Trump Accepts Pelosi’s Invitation to Deliver SOTU despite Impeachment
By Staff, Agencies
US President Donald Trump accepted an invitation from House Speaker Nancy Pelosi to deliver his annual State of the Union address to a joint meeting of Congress, two days after she oversaw his impeachment.
The Feb. 4 speech may fall in the middle of Trump’s Senate trial for high crimes and misdemeanors, or it may give Senate Majority Leader Mitch McConnell extra incentive to wrap up the proceedings.
McConnell, Pelosi and Senate Minority Leader Chuck Schumer are wrangling over the contours of the trial, its length and whether witnesses will be called.
Pelosi’s invitation reflects the political reality that the chances Trump will be removed from office by the Republican-controlled Senate, either by February or later, are remote.
“In their great wisdom, our founders crafted a Constitution based on a system of separation of powers: three co-equal branches acting as checks on each other,” Pelosi said in her letter to Trump on Friday.

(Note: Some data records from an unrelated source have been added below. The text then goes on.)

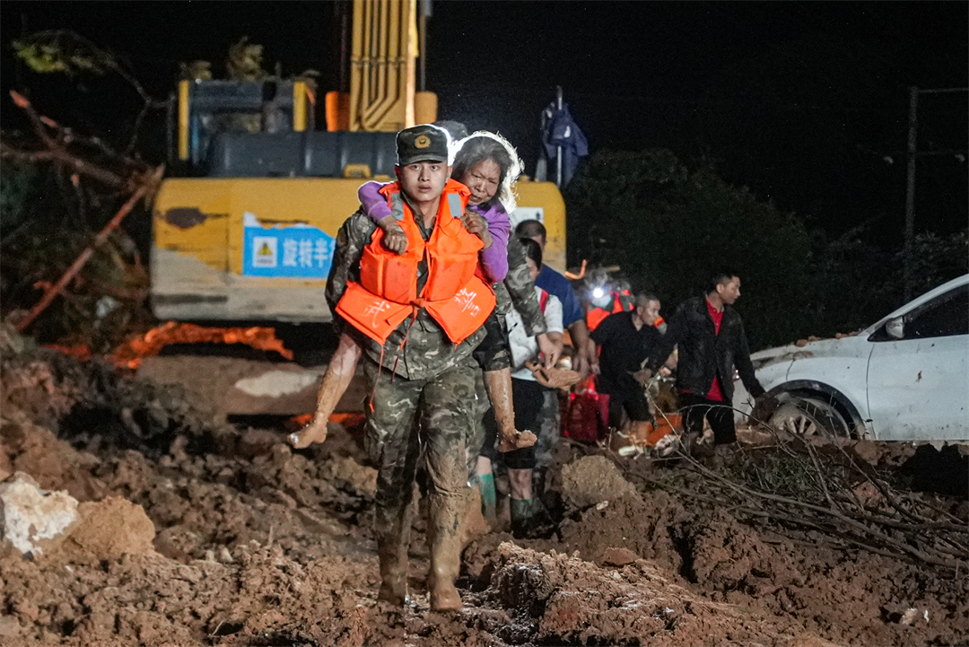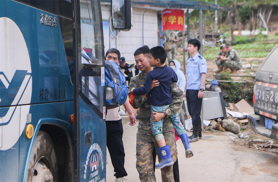 “凌晨6點天還沒亮,所有官兵就帶上干糧出發(fā)到各個村去疏散群眾?!睏钪艺f,江灣鎮(zhèn)下屬6個行政村有大大小小43個自然村,除情況最嚴重的梁屋村派出60人外,鍋溪村、圍坪村、江灣中心小學各派出30名兵力,胡屋村派出40名兵力,劃分若干個小組,聯(lián)合地方救援人員,按照先遣勘察、重裝開道、輕裝跟進、觀察警戒的方式,逐村逐戶搜索勸離,剩余人員就在江灣中學和江灣鎮(zhèn)政府協(xié)助轉(zhuǎn)運群眾。
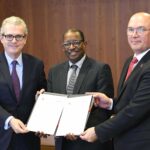 Пабло Исла (Inditex), Мусса Умару (МОТ) и Вальтер Санчес (IndustriALL) во время подписания ГРС в штаб-квартире МОТ, ноябрь 2019 года.
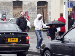 Nublado con lluvia. Viento noroeste de 60 km/hr.
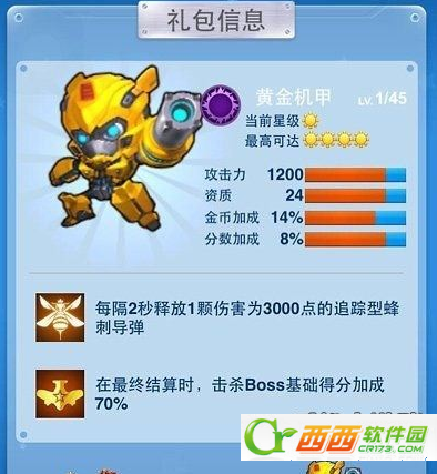 此前也有预测,太阳宠里面绝对会有加分宠的,这一次周年庆可谓是顺应民意而出。黄金机甲的满级属性和其他太阳宠一致,弹道为源源不断的金黄色双月牙形飞刀,整体色调与阿波罗非常相衬。追踪导弹和加分两大技能很好地弥补了阿波罗弹道比较集中,且得分加成较小的不足,同时也满足了太阳宠中暂无加分宠的遗憾。
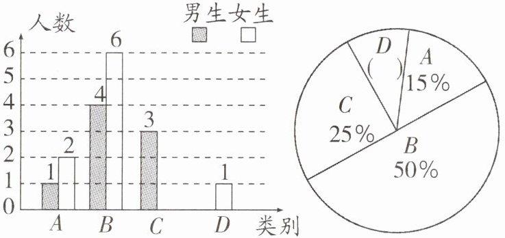 (3)在此次调查中,小平属于D类.为了进步,她请杨老师从被调查的A类学生中随机选取一位同学,和她进行“一帮一”的课后互助学习.请求出所选的同学恰好是一位女同学的概率.
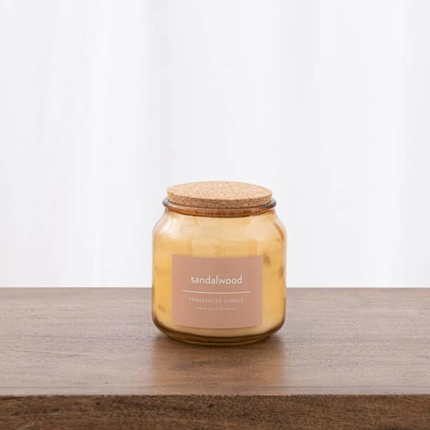 Lasting up to 55 hours, this stunning jasmine candle with a cork lid is situated in a coloured glass jar that will add a stylish look and feel to any room of the house. With a comforting and warm scent of rich sandalwood blends with soft amber and creamy vanilla to create a smooth woody fragrance, the jar can be kept and re-used for decorative purposes, once the wax has melted.
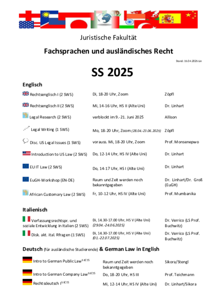 Vorbereitungskurs: Mo, 06.10.2025, 10-13 Uhr, Hörsaal IV (Alte Uni)
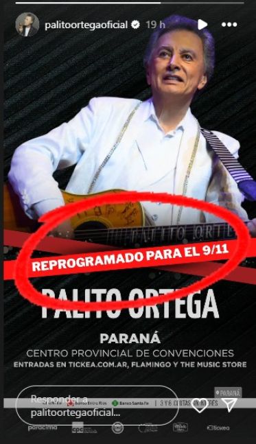 “Por motivos de salud, Palito Ortega se ve en la obligación de postergar el show del domingo 12 de octubre en el Centro Provincial de Convenciones, Paraná. El show se realizará en nueva fecha a confirmar a la brevedad, y las entradas serán válidas para la nueva fecha. Quienes no puedan asistir recibirán el reintegro por las mismas. Disculpas por las molestias”, expresaba el comunicado.
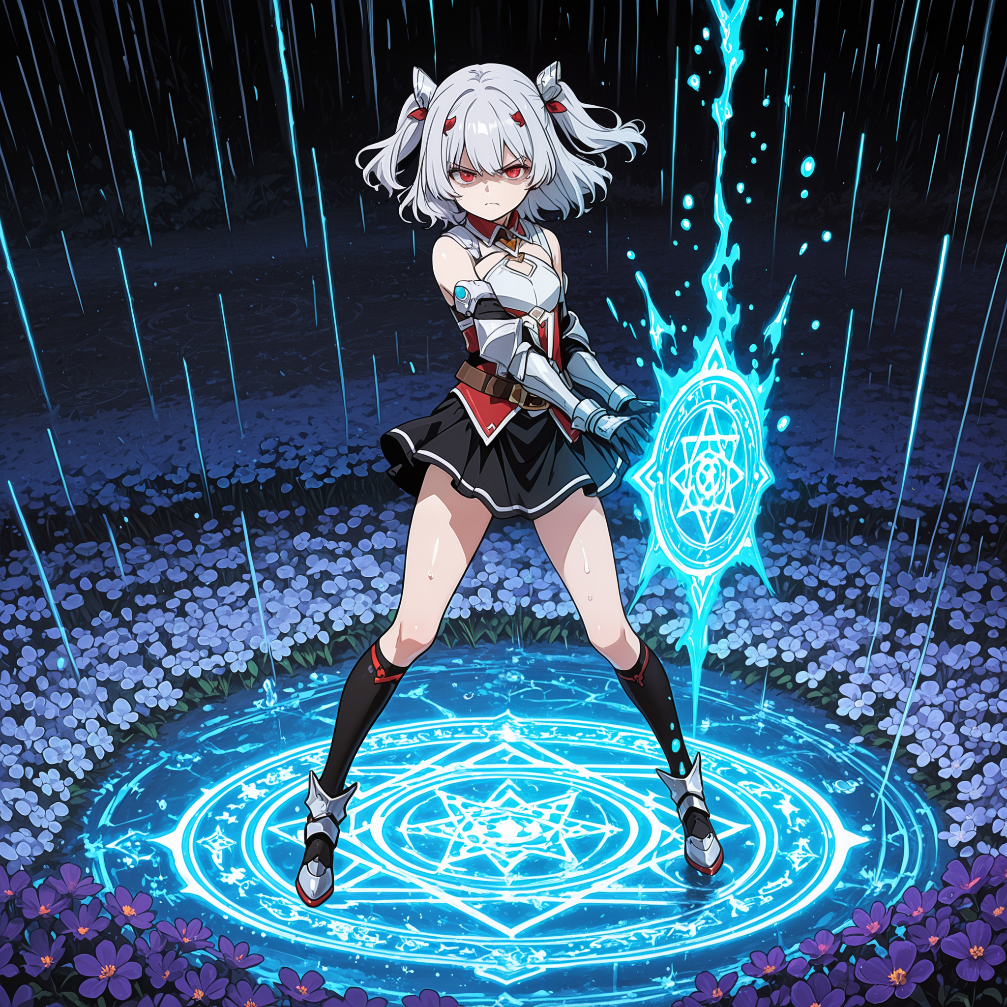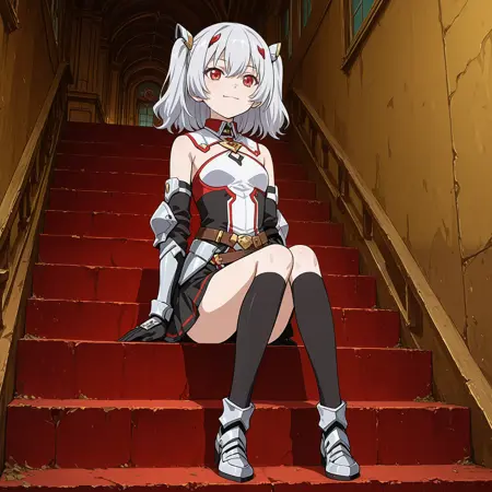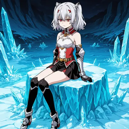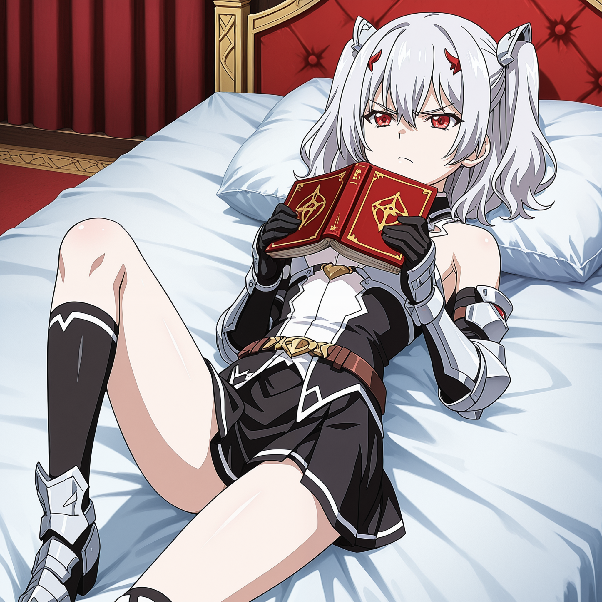 red eyes, silver hair, short twintail, hair ribbons, hair pins,
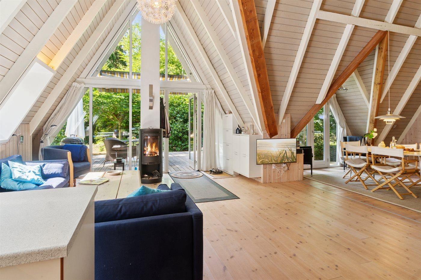 Huset er beliggende i et roligt sommerhusområde og ligger ugenert omgivet af beplantning og høje træer.
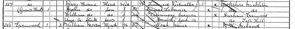 Mary Burnie, aged 78 was the “Licensed Victualler” of the “Queen’s Head”. She was born at Mickleton, Yorkshire, as was her 51 years old son John, a general labourer. Her younger son was 44 years old, William who was born at Evenwood. He was employed as a veterinary surgeon. A domestic servant, 19 years old Jane A. Stirk, lived and worked for her.
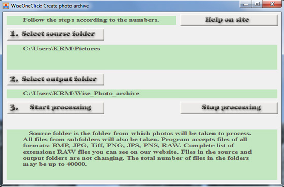 WiseOneClick je jednoduchý nástroj k organizování vaší sbírky fotografií. Vytvoří seznam, přejmenuje soubory a převádí soubory RAW do formátu JPEG. Program podporuje soubory všech formátů: BMP, JPEG, TIFF, PNG, JPS, PNS, RAW. Soubory ve zdrojové a výstupní složce se nemění. Celkový počet souborů ve složkách, může být až 40000.
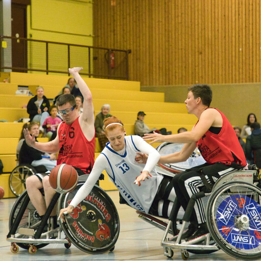 Los ging es Anfang November mit einem Heimspieltag gegen die Teams des PSC Pforzheim und die Nachwuchsmannschaft der Doneck Dolphins aus Trier. Die Pforzheimer waren mit den beiden starken Centern Marco Seiler und Sascha Volk gut aufgestellt. Bis zur Halbzeit gelang es uns nicht, die Zone konsequent dicht zu machen. Doch im dritten Viertel fanden wir zunehmend besser in die Partie – die Defense stand stabil und hielt die Gegner aus der Zone, und wir kämpften uns bis auf vier Punkte heran. Es schien, als könnten wir das Spiel noch drehen, doch am Ende mussten wir uns mit 37:29 geschlagen geben. Es spielten: Quentin, Alexander (2), Abdullah (4), Franca (4), Arzo, Nina (10), Matze (4), Alexandra, Nicole, Bas, Bodo (5).
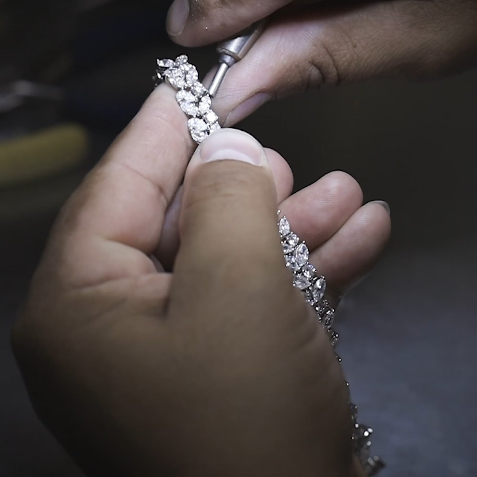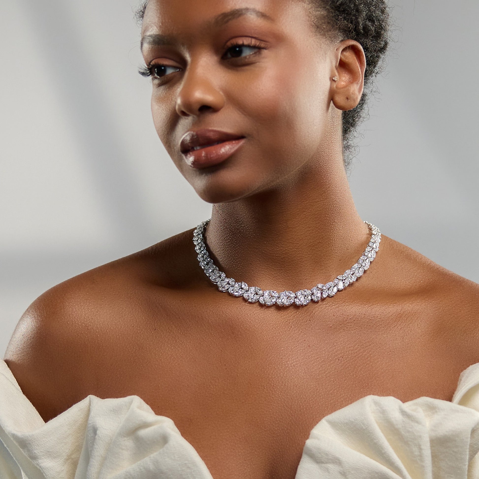 The mineral-rich waters of the thermal baths of Budapest are renowned for their healing properties, soothing tired muscles, and easing stress. What makes this therapeutic soak such an amazing experience is the unique architecture of the baths themselves. With stunning mosaics, intricate sculptures, and ornate columns adorning the walls and ceilings, the baths relax the body while embracing the artistic soul. Submerged in these warm waters, surrounded by such beautiful art and design is what inspired the creation of Budapest Necklace. With a mix of various diamond shapes, placed as carefully and intentionally as each tile in the bathhouse mosaics, this necklace is a nod to the healing waters and awe-inspiring designs one can only experience when visiting the thermal baths of Budapest.

“In the spirit of respecting our Constitution, I invite you to deliver your State of the Union address before a joint session of Congress on Tuesday, Feb. 4, 2020, in the chamber of the House of Representatives,” Pelosi wrote.
In a scathing letter to Pelosi on Tuesday, Trump said that “do-nothing” Democrats were committing an unconstitutional abuse of power in impeaching him.
“More due process was afforded to those accused in the Salem witch trials,” Trump wrote.
The State of the Union will put Trump in the same room with the House Democrats who made him the third president to be impeached in US history.
A State of the Union address during an impeachment trial is not without precedent. In 1999, President Bill Clinton gave his address during his Senate impeachment trial.